Task to complete: Set down each line of the material that follows, exactly, with no pictures.

Data provided:

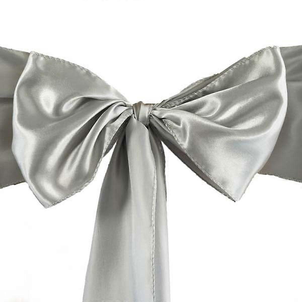 Efavormart 25pcs Silver SATIN Chair Sashes Tie Bows for Wedding Events Decor Chair Bow Sash Party Decoration Supplies 6 x106"
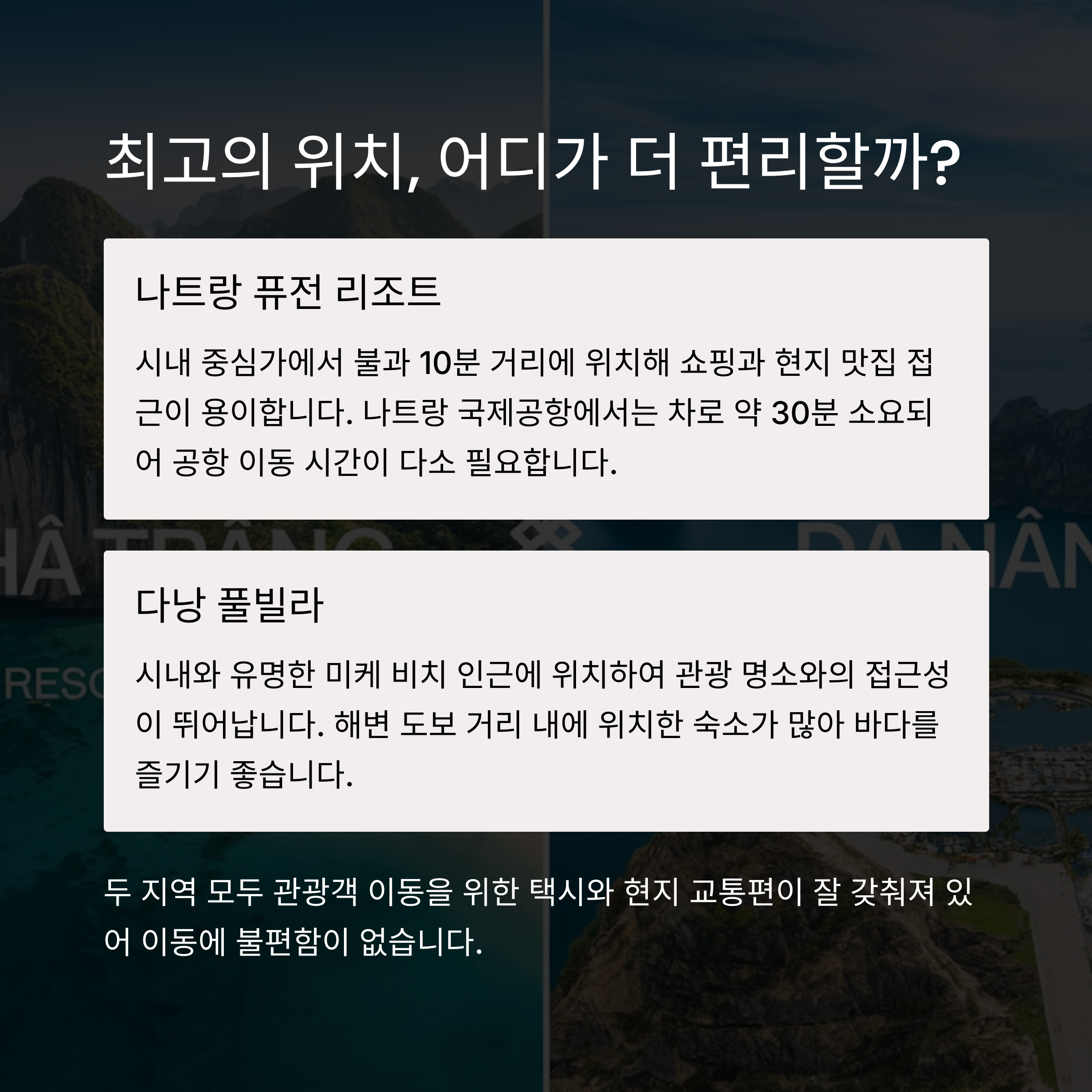 | Q. 나트랑 퓨전 리조트와 다낭 풀빌라의 현지 접근성 차이는? |
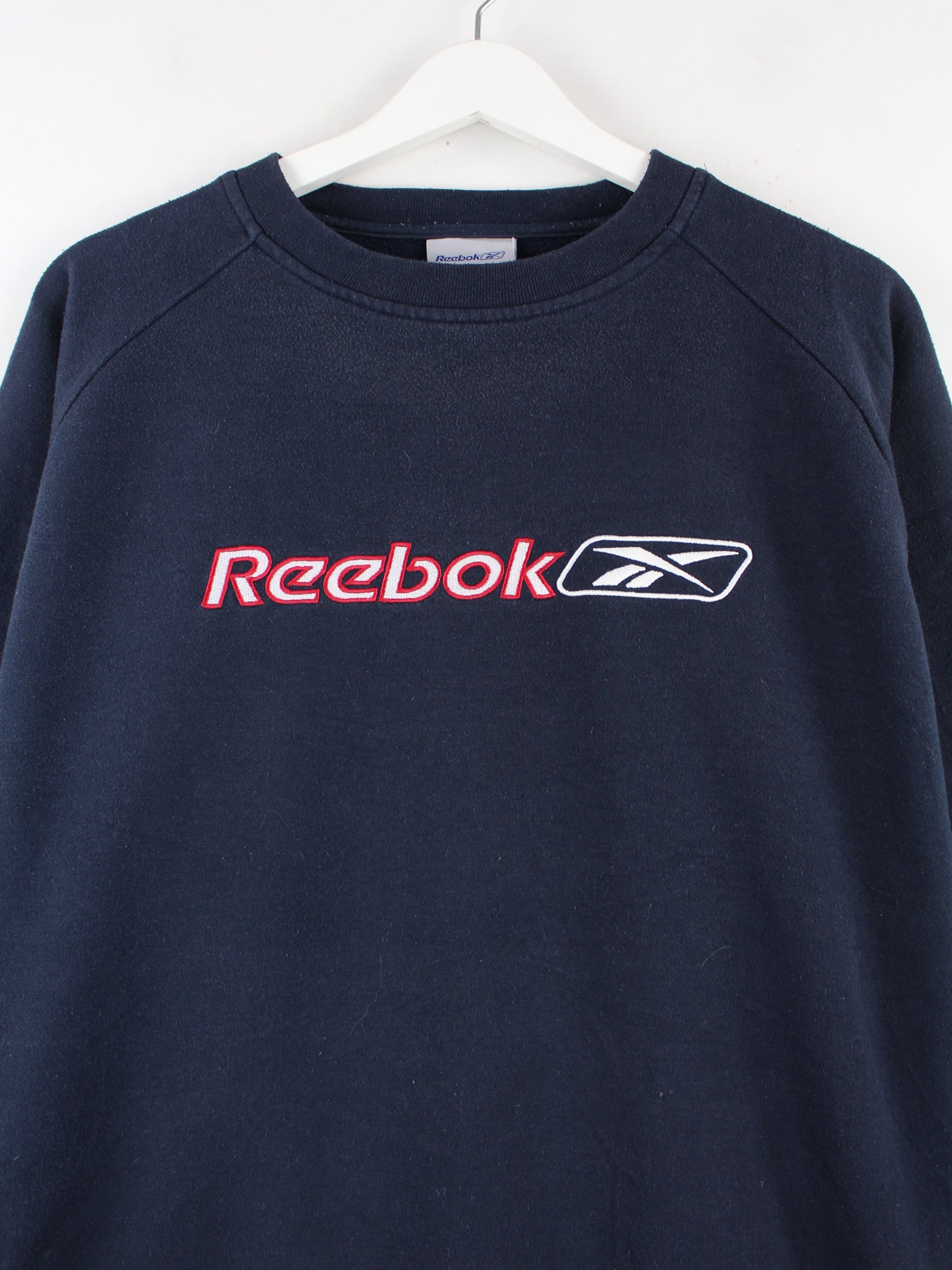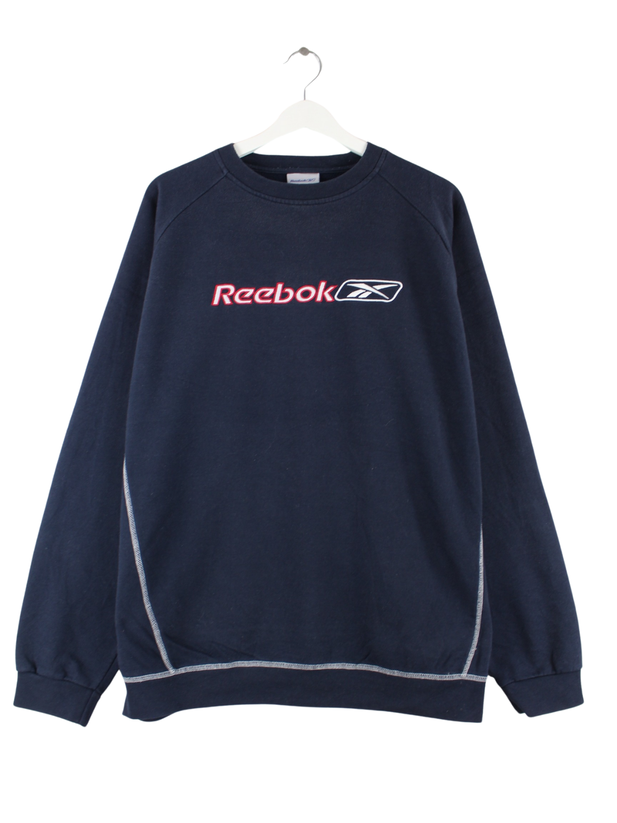 Sweater from Reebok with embroidered logo in size XXL. It is made from a cotton blend and is available in blue.

Output below:
 Efavormart 25pcs Silver SATIN Chair Sashes Tie Bows for Wedding Events Decor Chair Bow Sash Party Decoration Supplies 6 x106"
 | Q. 나트랑 퓨전 리조트와 다낭 풀빌라의 현지 접근성 차이는? |
 Sweater from Reebok with embroidered logo in size XXL. It is made from a cotton blend and is available in blue.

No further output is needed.